[Source data]
:::::

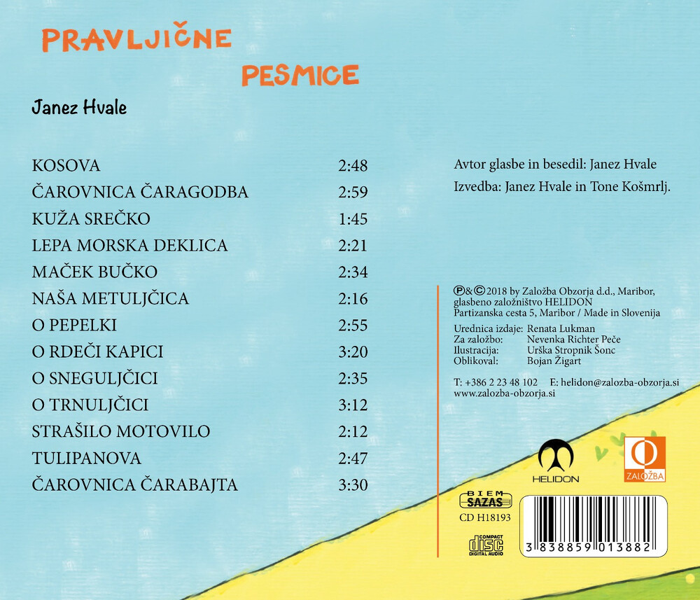 Zgoščenka z naslovom Pravljične pesmice vsebuje trinajst otroških pesmic s pravljičnimi liki. Gre za pravljične pesmice za vnučke babic in dedkov avtorjeve generacije. Besedila vseh pesmic so natisnjena v priloženi knjižici. Avtor glasbe in besedil je Janez Hvale, avtor in soavtor več kot 600 glasbenih del, član kar nekaj zasedb, med njimi član in ustanovitelj skupine 12. Nadstropje in nekajletni član Ansambla Lojzeta Slaka. Izvedba: Janez Hvale in Tone Košmrlj.
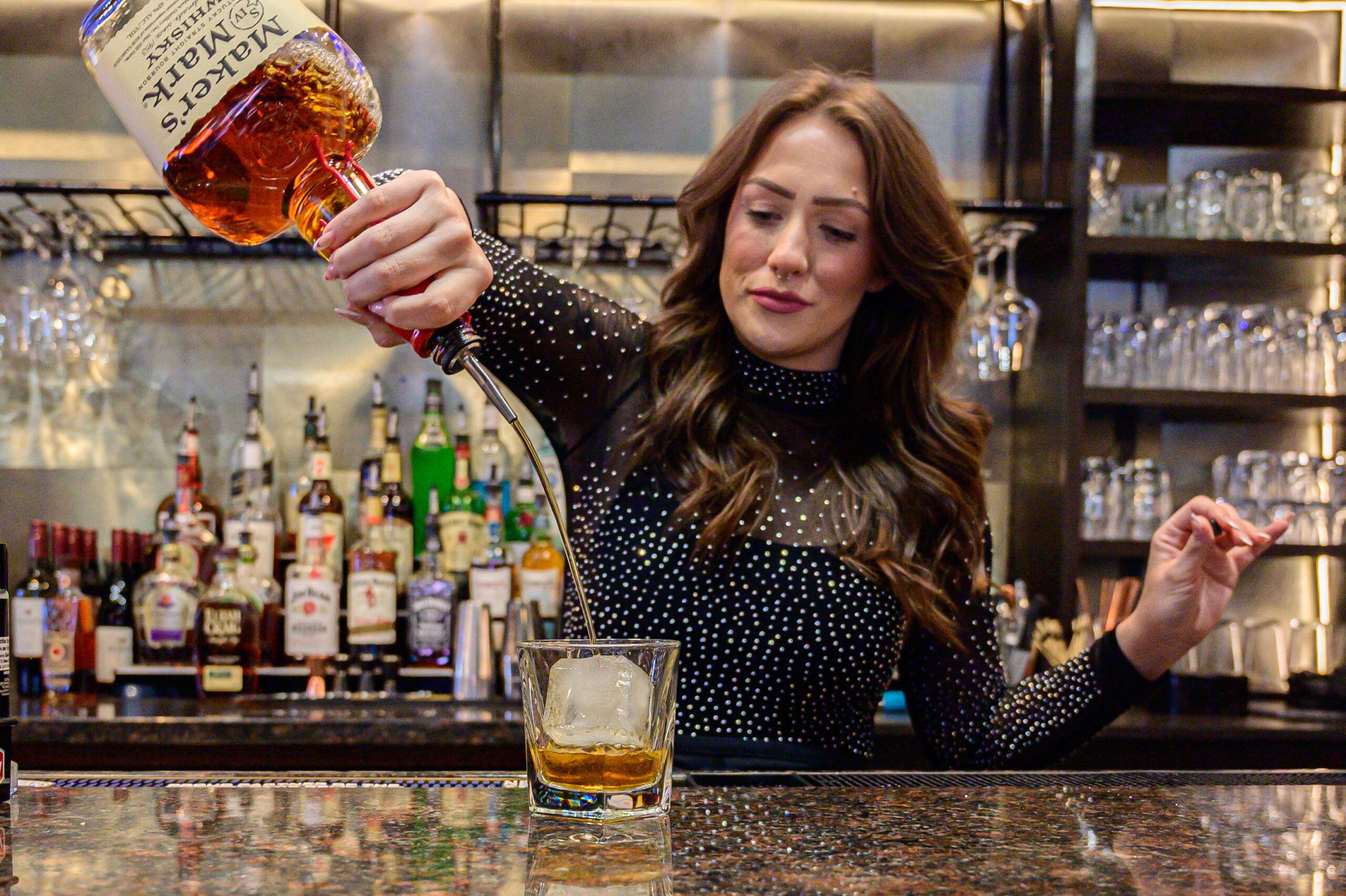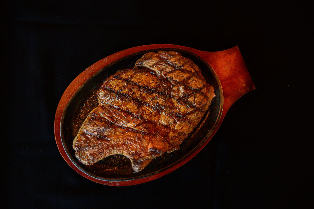 The steaks are trimmed in-house, including a 22-ounce Prime Angus cowboy rib-eye served sizzling on a cast iron skillet. There’s also an 8-ounce filet, 12-ounce boneless ribeye and 10-ounce baseball cut sirloin, so named for its rounded shape.
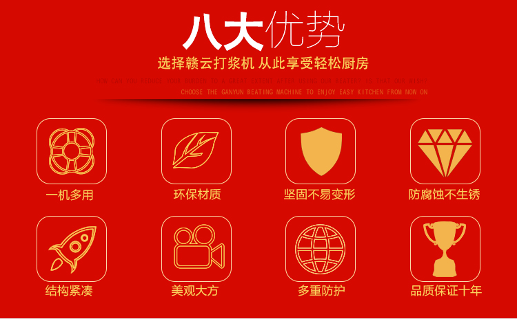贛云牌新款全不銹鋼肉丸機,22型肉丸機采用全不銹鋼材質,在舊款全不銹鋼肉丸機的基礎上給支撐架加粗加厚,用不銹鋼蓋,打漿雙桶,刀柄刀片均采用不銹鋼材質。打漿桶裝肉量2l,一次可打肉漿4斤左右,采用2800r/min高速電機,故稱之為高速肉丸機。
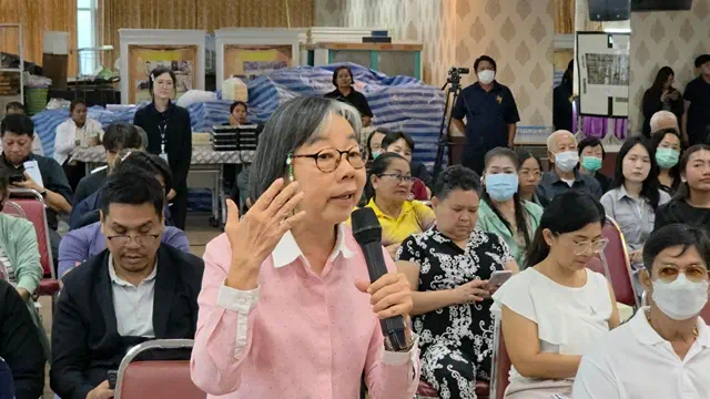 ด้าน นายนุกูลกิจ คำรพธนะสาร อายุ 65 ปี ชาวบ้าน กล่าวว่า ผมอยากให้ดูเกี่ยวกับภาพรวมทั้งหมดนะครับ เพราะว่ามันมีสายทางที่มันทับกันนะครับ โดยรถไฟสายความเร็วสูงกับรถไฟสายสีแดงส่วนต่อขยายนะครับ เพราะว่าจะวิ่งมันต้องไปคู่กันตลอดนะครับ วิ่งมาตั้งแต่บางซื่อมาเลยบ วิ่งมาถึงที่ธรรมศาสตร์ ในส่วนนี้มีการทับเส้นทางกัน ผมอยากให้พิจารณาให้มันรอบคอบนะครับ แล้วก็เป็นภาพรวม บูรณาการเข้าด้วยกัน รวมถึงสถานีต่างๆ ซึ่งการใช้ประโยชน์ของพื้นที่ของจังหวัดปทุมธานีในโครงการนี้ ผมมองว่าการใช้ประโยชน์ยังน้อยอยู่ ยังไม่ได้ใช้ประโยชน์มากเท่าที่ควร แล้วก็ทาง จ.ทุมธานี ก็มีโครงการจะทำรถโมโนเรลด้วยนะครับ เพราะว่าปทุมธานีเป็นเมืองใหญ่ มีประชากรมากขึ้น มีการสัญจรมากขึ้นนะครับ แต่สิ่งหนึ่งสิ่งใด ผมมีความเข้าใจดีนะว่า รถไฟความเร็วสูงเนี่ย เรื่องการจอดบ่อยๆ หรือว่าจอดความถี่ของแต่ละสถานี เราไม่ควรใช้ความถี่มาก ระยะทางไม่ควรใกล้ชิดกันมากนะครับ แต่ว่าขอให้คำนึงถึงว่า สภาพความเป็นจริงนะครับ ทาง Landscape ของปทุมธานีนะครับ ด้านประชากร ด้านเศรษฐกิจ และการเดินทาง ซึ่งเกี่ยวข้องโดยตรง คิดว่าน่าจะคุ้มค่ามากกว่าถ้ามีสถานี ขอฝากพิจารณาด้วย
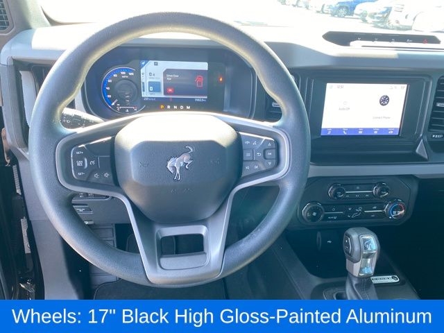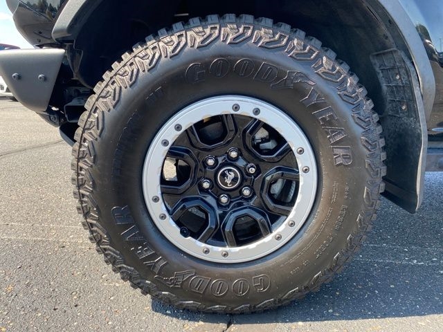 4.7 Final Drive Ratio, High Clearance Fender Flares, High Clearance Suspension, Position-Sensitive Bilstein Shock Absorbers, Sasquatch Package, Wheels: 17" Black High Gloss-Painted Aluminum, 4-Wheel Disc Brakes, 7 Speakers, ABS brakes, Air Conditioning, AM/FM radio: SiriusXM with 360L, AM/FM Stereo, Auto High-beam Headlights, Brake assist, Compass, Convertible HardTop, Convertible roof lining, Delay-off headlights, Driver door bin, Driver vanity mirror, Dual front impact airbags, Dual front side impact airbags, Electronic Stability Control, Emergency communication system: 911 Assist, Exterior Parking Camera Rear, Ford Performance Heavy-Duty Modular Front Bumper, Front anti-roll bar, Front Bucket Seats, Front Center Armrest, Front reading lights, Front wheel independent suspension, Fully automatic headlights, Glass rear window, Heated door mirrors, Illuminated entry, Integrated roll-over protection, Low tire pressure warning, Occupant sensing airbag, Outside temperature display, Overhead airbag, Overhead console, Panic alarm, Passenger door bin, Passenger vanity mirror, Power door mirrors, Power steering, Power windows, Radio data system, Radio: 6 Speakers w/Subwoofer Delete, Rear window defroster, Rear window wiper, Remote keyless entry, Security system, SiriusXM Radio w/360L, Speed control, Split folding rear seat, Steering wheel mounted audio controls, SYNC 4, Tachometer, Telescoping steering wheel, Tilt steering wheel, Traction control, Trip computer, Variably intermittent wipers, 4.7 Final Drive Ratio, High Clearance Fender Flares, High Clearance Suspension, Position-Sensitive Bilstein Shock Absorbers, Sasquatch Package, Wheels: 17" Black High Gloss-Painted Aluminum.
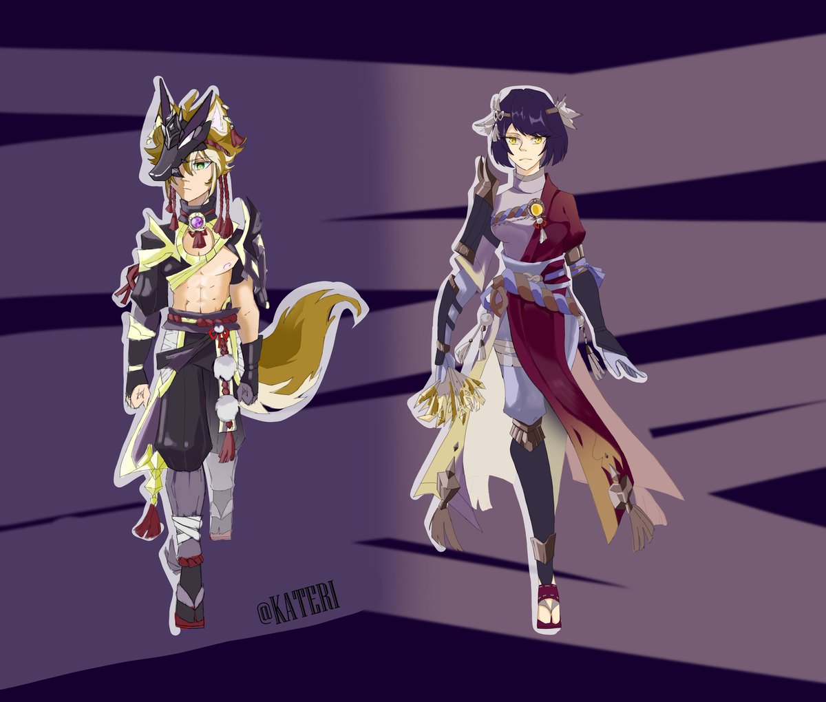 Gorou, acting general of the Tenryō Commission and Kujou Sara, general of the Watatsumi Army. I finally finished working on them)🐶⚡ #gorou #sara #kujousara #genshinimpact #genshinimpactfanart #fanart #digitalart #art #горо #сара #геншинимпакт
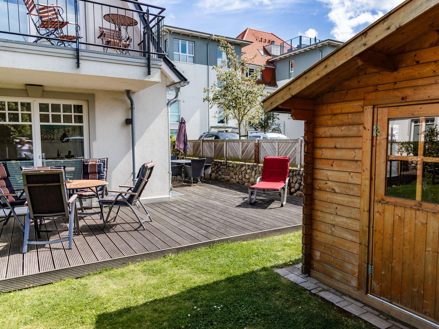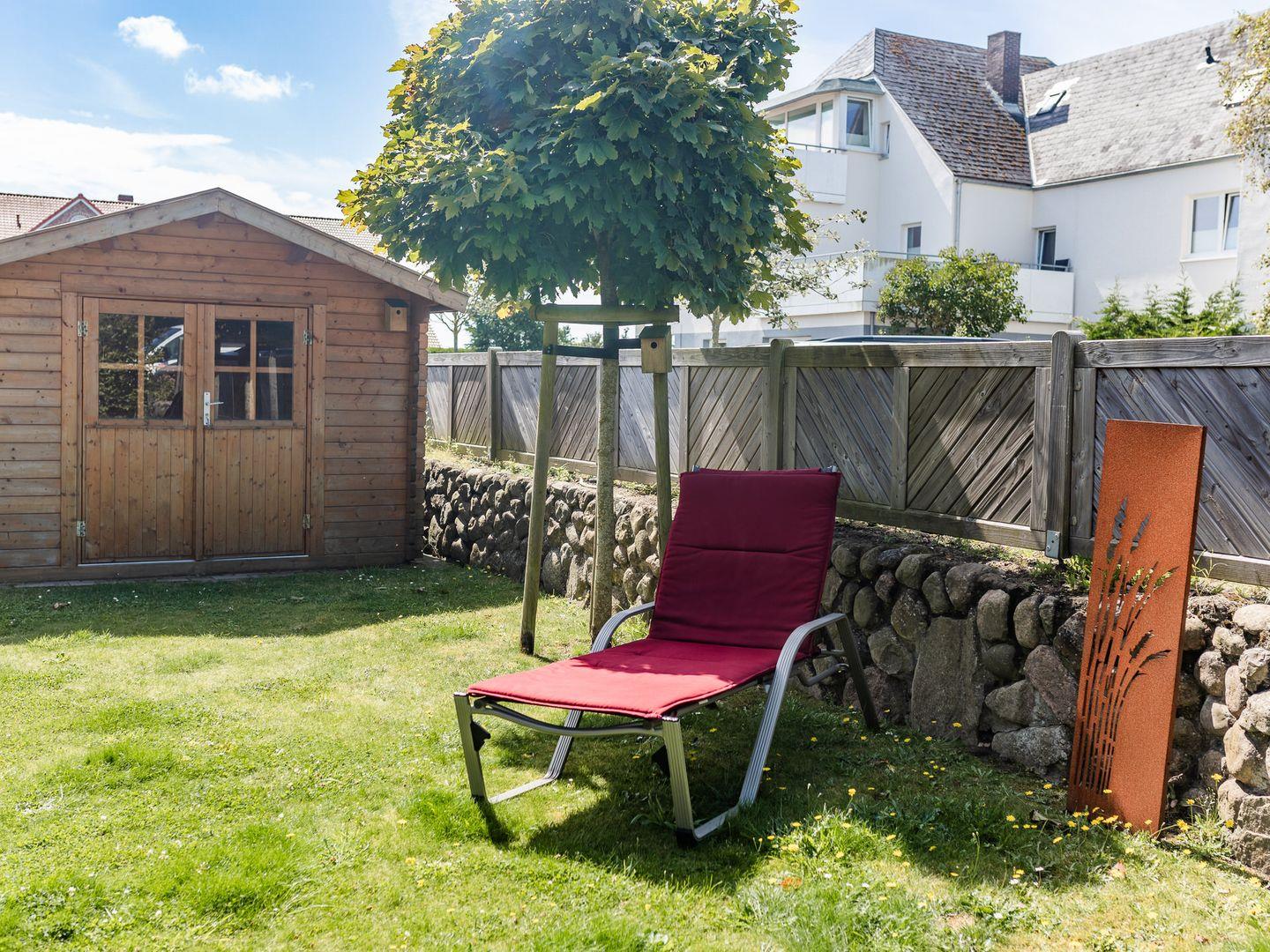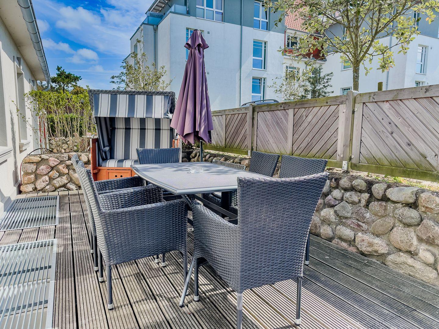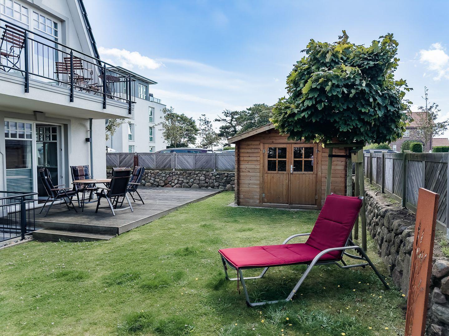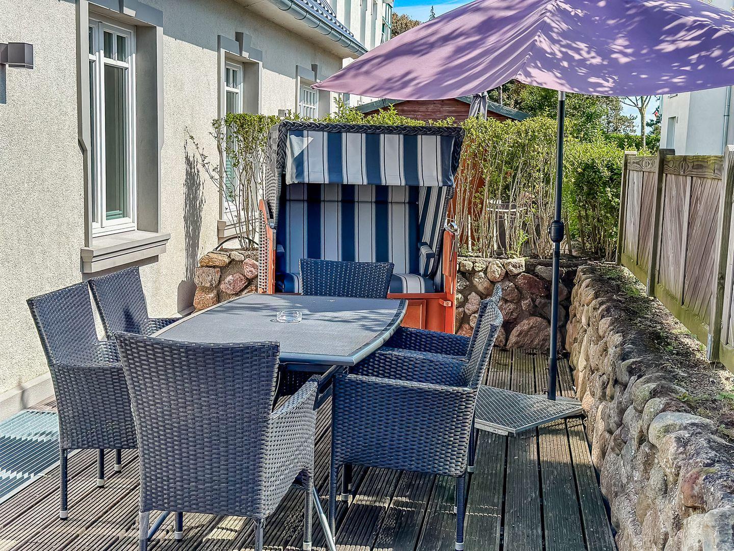 Im Außenbereich befinden sich eine Terrasse mit Strandkorb im Garten, sowie ein PKW-Stellplatz. Zudem steht Ihnen ein Saisonstrandkorb direkt am Strand zur Verfügung, im Strandabschnitt 13-19.

:::::

DIRECTIONS FOR THIS TASK:
Copy every record exactly, but skip the pictures.

YOUR SOLUTION:
 Zgoščenka z naslovom Pravljične pesmice vsebuje trinajst otroških pesmic s pravljičnimi liki. Gre za pravljične pesmice za vnučke babic in dedkov avtorjeve generacije. Besedila vseh pesmic so natisnjena v priloženi knjižici. Avtor glasbe in besedil je Janez Hvale, avtor in soavtor več kot 600 glasbenih del, član kar nekaj zasedb, med njimi član in ustanovitelj skupine 12. Nadstropje in nekajletni član Ansambla Lojzeta Slaka. Izvedba: Janez Hvale in Tone Košmrlj.
 The steaks are trimmed in-house, including a 22-ounce Prime Angus cowboy rib-eye served sizzling on a cast iron skillet. There’s also an 8-ounce filet, 12-ounce boneless ribeye and 10-ounce baseball cut sirloin, so named for its rounded shape.
贛云牌新款全不銹鋼肉丸機,22型肉丸機采用全不銹鋼材質,在舊款全不銹鋼肉丸機的基礎上給支撐架加粗加厚,用不銹鋼蓋,打漿雙桶,刀柄刀片均采用不銹鋼材質。打漿桶裝肉量2l,一次可打肉漿4斤左右,采用2800r/min高速電機,故稱之為高速肉丸機。
 ด้าน นายนุกูลกิจ คำรพธนะสาร อายุ 65 ปี ชาวบ้าน กล่าวว่า ผมอยากให้ดูเกี่ยวกับภาพรวมทั้งหมดนะครับ เพราะว่ามันมีสายทางที่มันทับกันนะครับ โดยรถไฟสายความเร็วสูงกับรถไฟสายสีแดงส่วนต่อขยายนะครับ เพราะว่าจะวิ่งมันต้องไปคู่กันตลอดนะครับ วิ่งมาตั้งแต่บางซื่อมาเลยบ วิ่งมาถึงที่ธรรมศาสตร์ ในส่วนนี้มีการทับเส้นทางกัน ผมอยากให้พิจารณาให้มันรอบคอบนะครับ แล้วก็เป็นภาพรวม บูรณาการเข้าด้วยกัน รวมถึงสถานีต่างๆ ซึ่งการใช้ประโยชน์ของพื้นที่ของจังหวัดปทุมธานีในโครงการนี้ ผมมองว่าการใช้ประโยชน์ยังน้อยอยู่ ยังไม่ได้ใช้ประโยชน์มากเท่าที่ควร แล้วก็ทาง จ.ทุมธานี ก็มีโครงการจะทำรถโมโนเรลด้วยนะครับ เพราะว่าปทุมธานีเป็นเมืองใหญ่ มีประชากรมากขึ้น มีการสัญจรมากขึ้นนะครับ แต่สิ่งหนึ่งสิ่งใด ผมมีความเข้าใจดีนะว่า รถไฟความเร็วสูงเนี่ย เรื่องการจอดบ่อยๆ หรือว่าจอดความถี่ของแต่ละสถานี เราไม่ควรใช้ความถี่มาก ระยะทางไม่ควรใกล้ชิดกันมากนะครับ แต่ว่าขอให้คำนึงถึงว่า สภาพความเป็นจริงนะครับ ทาง Landscape ของปทุมธานีนะครับ ด้านประชากร ด้านเศรษฐกิจ และการเดินทาง ซึ่งเกี่ยวข้องโดยตรง คิดว่าน่าจะคุ้มค่ามากกว่าถ้ามีสถานี ขอฝากพิจารณาด้วย
 4.7 Final Drive Ratio, High Clearance Fender Flares, High Clearance Suspension, Position-Sensitive Bilstein Shock Absorbers, Sasquatch Package, Wheels: 17" Black High Gloss-Painted Aluminum, 4-Wheel Disc Brakes, 7 Speakers, ABS brakes, Air Conditioning, AM/FM radio: SiriusXM with 360L, AM/FM Stereo, Auto High-beam Headlights, Brake assist, Compass, Convertible HardTop, Convertible roof lining, Delay-off headlights, Driver door bin, Driver vanity mirror, Dual front impact airbags, Dual front side impact airbags, Electronic Stability Control, Emergency communication system: 911 Assist, Exterior Parking Camera Rear, Ford Performance Heavy-Duty Modular Front Bumper, Front anti-roll bar, Front Bucket Seats, Front Center Armrest, Front reading lights, Front wheel independent suspension, Fully automatic headlights, Glass rear window, Heated door mirrors, Illuminated entry, Integrated roll-over protection, Low tire pressure warning, Occupant sensing airbag, Outside temperature display, Overhead airbag, Overhead console, Panic alarm, Passenger door bin, Passenger vanity mirror, Power door mirrors, Power steering, Power windows, Radio data system, Radio: 6 Speakers w/Subwoofer Delete, Rear window defroster, Rear window wiper, Remote keyless entry, Security system, SiriusXM Radio w/360L, Speed control, Split folding rear seat, Steering wheel mounted audio controls, SYNC 4, Tachometer, Telescoping steering wheel, Tilt steering wheel, Traction control, Trip computer, Variably intermittent wipers, 4.7 Final Drive Ratio, High Clearance Fender Flares, High Clearance Suspension, Position-Sensitive Bilstein Shock Absorbers, Sasquatch Package, Wheels: 17" Black High Gloss-Painted Aluminum.
 Gorou, acting general of the Tenryō Commission and Kujou Sara, general of the Watatsumi Army. I finally finished working on them)🐶⚡ #gorou #sara #kujousara #genshinimpact #genshinimpactfanart #fanart #digitalart #art #горо #сара #геншинимпакт
 Im Außenbereich befinden sich eine Terrasse mit Strandkorb im Garten, sowie ein PKW-Stellplatz. Zudem steht Ihnen ein Saisonstrandkorb direkt am Strand zur Verfügung, im Strandabschnitt 13-19.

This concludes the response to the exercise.